Individuals at risk of Osteomyelitis include those who have artificial
joints or metal components in their joint.
Lyme disease
Lyme is a tick borne disease that can cause a skin rash, fever, chills, body
aches, and joint pain. Some infected individuals develop severe weakness
and temporary paralysis. Lyme disease is caused by at least three species
of bacteria belonging to the genus Borrelia, which are carried by deer
ticks. Infections are more common during summer,especially if the host
spends time in grassy woodlands where ticksbreed. When the infection
is diagnosed promptly, most people do recover fully. However, there are
some individuals who keep on having recurring or lingering symptoms
long after the infection has been treated. When it becomes chronic, Lyme
Disease can present with a variety of symptoms including migrating joint
pains, headaches, confusion, excess fatigue, inability to sleep, paralysis
of one side of the face, and difficulty concentrating. Even though there
are reliable tests available they are not one hundred percent sensitive.
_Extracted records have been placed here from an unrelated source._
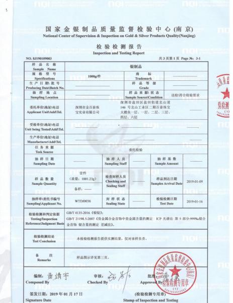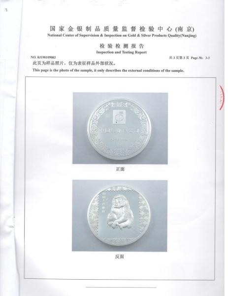 国家金银制品检验中心报告(传世收藏金猴大银章)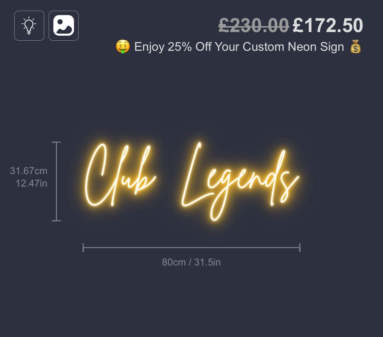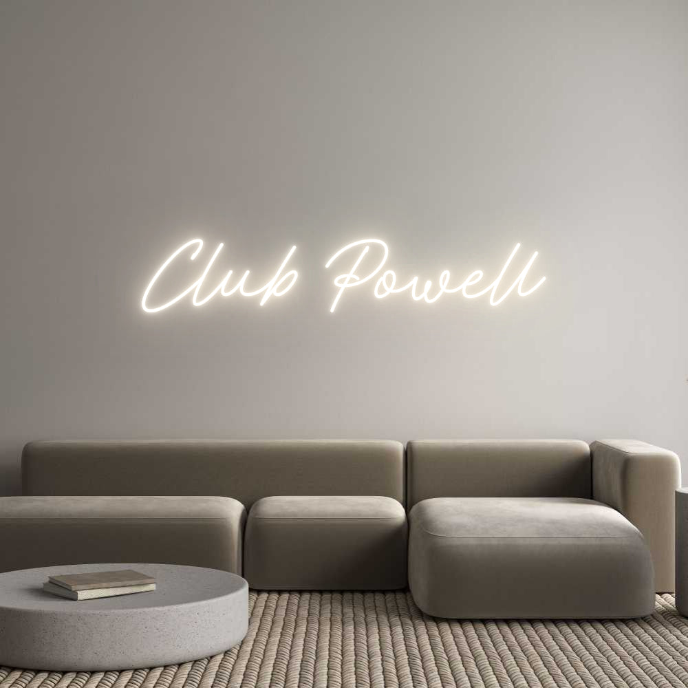 Text: Club Powell Text Align: centerFont: RocketColour: Warm WhiteSize: 100cm wide / 100cm X 17.9cm / 39.37in X 7.05inBackboard: Cut to Letter (free upgrade)Jacket: Coloured JacketMounting: Wall mounting screwsAdd a Heart or Star (Optional): None (Default)Neon Tube Thickness: Bold Tu...
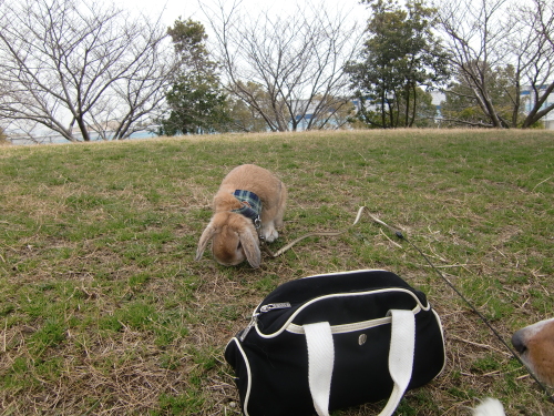 人生って、楽しいことも辛いこともあるんダジョ<^Vモコナが辛い時には、美味しいものと、僕らの出番ダジョ! アール兄ちゃんは、モコナをとても心配しています。 1番モコナに優しい子はアールです。すばらしいお兄ちゃんです。クリスティーもとても優しいですが、アールに任せてるのかな?まるで上司です。アールはいたずらっ子だったけど、家族想いで、我慢もします。クリスティーも我慢しますね。ワンちゃんは、申し訳ない程、我慢強い動物です。 部屋を乗っ取られた可哀想なモコナに気分転換してもらえるようにアール兄ちゃんと海公園にお散歩してきました。(クリスティーは発情期が終わっていないので出歩けません。) 今日は、暖かめでしたが、寒い思いをしないように、うさぎの湯たんぽ、重いけど入れて、バッグで出掛けました。おでかけカートもありますが、一人で犬のリードとカートは余計大変かもと思い、ちょっと湯たんぽが重いけど、バッグにしました。(モコナは軽いです。) もっと可愛い写真も撮ったのですが、(3000×4000画素の分)後ほど、写真館に登録して、また後日載せます。うさんぽ頑張ったので、気分転換できたと思います。モコナ、ゆっくり体と頭を休めてね いつも応援ありがとうございます。ホーランドロップアウトランキング順位上昇中(18位ぐらい)なのでアウトランキングが見れるバナーも作りました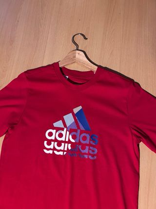 Camiseta de manga corta con un llamativo diseño de logo. - Logo Adidas con detalles en blanco, azul claro y azul oscuro. - Tejido suave y transpirable.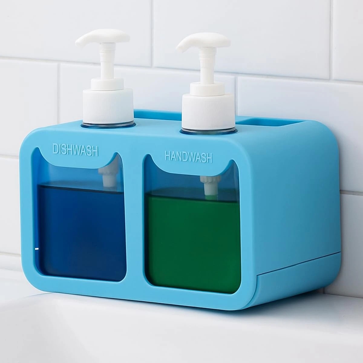 • Convenient dual-chamber design labeled “dishwasher” and “HAND WASH” for easy identification — no mix-ups between dish soap and hand soap.

While most individuals do respond to a 14 day course of antibiotics, some
individuals take considerably longer.
When infection attacks the body, anti-infective drugs can suppress the
infection. Four types of anti-infective or drugs exist: antibacterial
(antibiotic), antiviral, antitubercular, and antifungal. Depending on the
severity and the type of infection, the antibiotic may be given by mouth,
injection or may be applied topically. Severe infections of the brain are
usually treated with intravenous antibiotics. Sometimes, multiple
antibiotics are used to decrease the risk of resistance and increase
efficacy. Antibiotics only work for bacteria and do not affect viruses.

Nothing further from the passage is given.